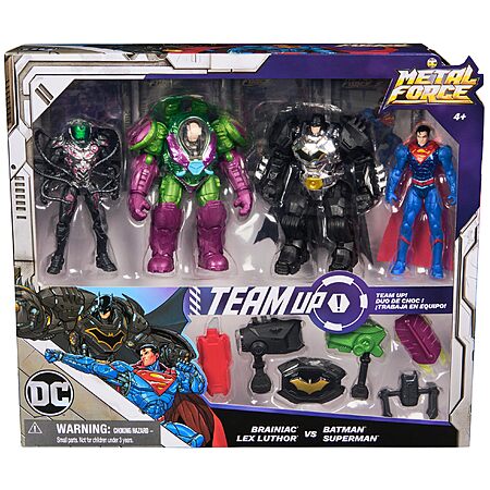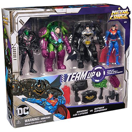$10.99*:DC Comics Metal Force Team Up – Brainiac & Lex Luthor vs Batman & Superman 4" Action Figures, Exclusive Accessories, for Boys 4+
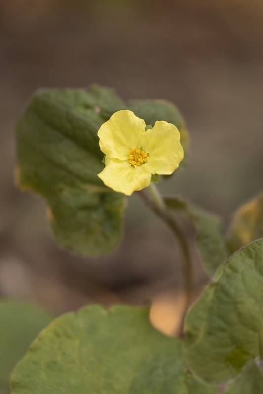 Kwiaty w kolorze żółtym mają po trzy pomięte płatki wokół żółtych pręcików. Wyrastają w kątach liści na średniej długości ogonkach.Kwitnie od kwietnia, powtarzając kwitnienie przez całe lato. Po kwitnieniu wytwarza nasiona.
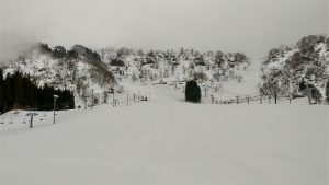 朝イチは固めのバーン、滑走はスピードの出しすぎに気を付けて安全に楽しんでください。
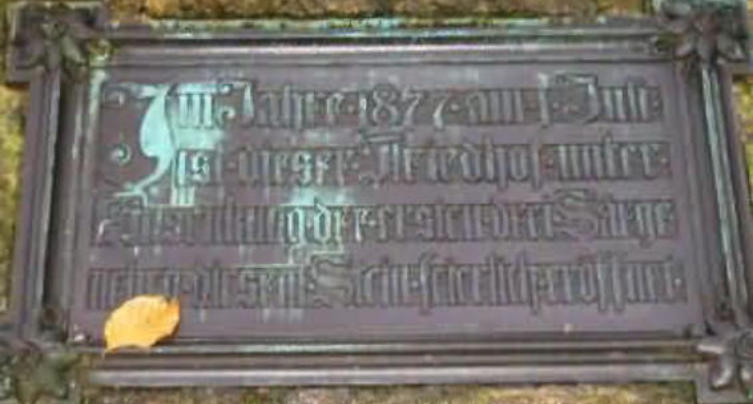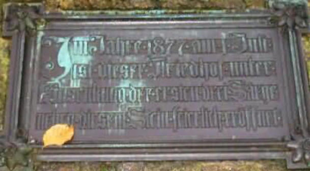 Auf dem Gedenkstein dort geschrieben:Im Jahre 1877 am 1.Juliist dieser Friedhof unterEinsenkung der ersten drei Särgeneben diesem Stein feierlich eröffnet.
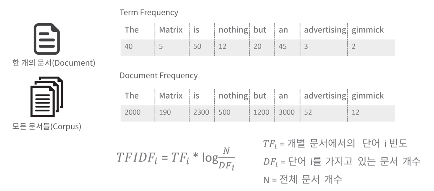 - DF : Document Frequency (DF가 클수록 다수 문서에 쓰이는 범용적인 단어)
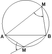 Для того, чтобы дать утвердительный ответ на этот вопрос, вспомним другое определение окружности. Возьмем на евклидовой плоскости две произвольные точки А и В. Окружностью назовем геометрическое место точек М таких, что направленный (!) угол ÐАМВ является постоянным и равным a. Направленный угол понадобился, чтобы, во первых, не говорить про углы a и 180° – a, а во-вторых, чтобы не удвоить окружность.
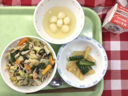 「ちゃんぽん麺、華風漬け、かんざらし、牛乳」です。
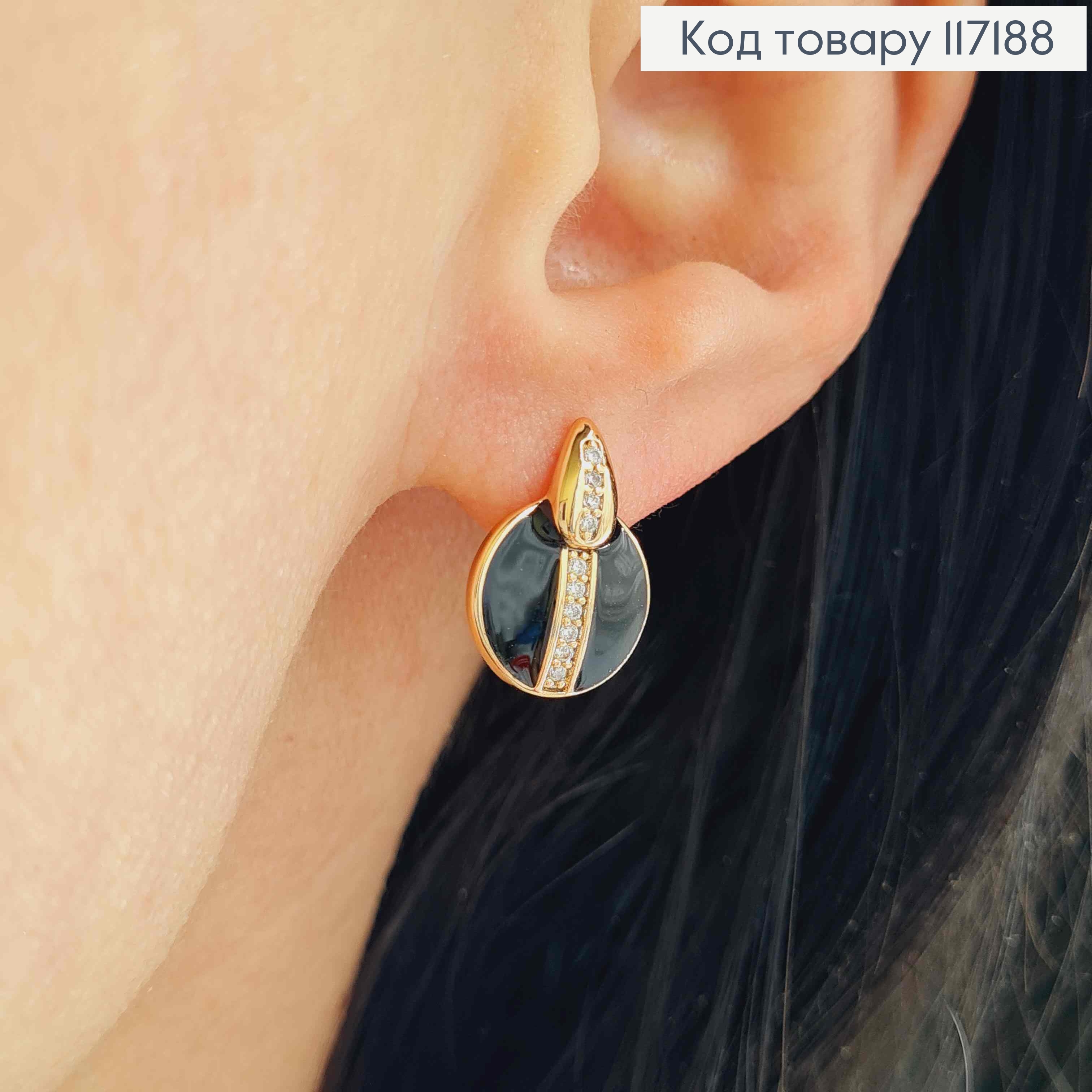 Серьги с черной эмалькой и камешками, размер 1,3*0,8см, XUPING 18K

■ ■ ■ ■

WHAT THIS TASK INVOLVES
Leave the pictures out. Output exactly, and only, the lines from the one with "- DF : Document" through the last line of the listing above, both included.

RESPONSE AREA
 - DF : Document Frequency (DF가 클수록 다수 문서에 쓰이는 범용적인 단어)
 Для того, чтобы дать утвердительный ответ на этот вопрос, вспомним другое определение окружности. Возьмем на евклидовой плоскости две произвольные точки А и В. Окружностью назовем геометрическое место точек М таких, что направленный (!) угол ÐАМВ является постоянным и равным a. Направленный угол понадобился, чтобы, во первых, не говорить про углы a и 180° – a, а во-вторых, чтобы не удвоить окружность.
 「ちゃんぽん麺、華風漬け、かんざらし、牛乳」です。
 Серьги с черной эмалькой и камешками, размер 1,3*0,8см, XUPING 18K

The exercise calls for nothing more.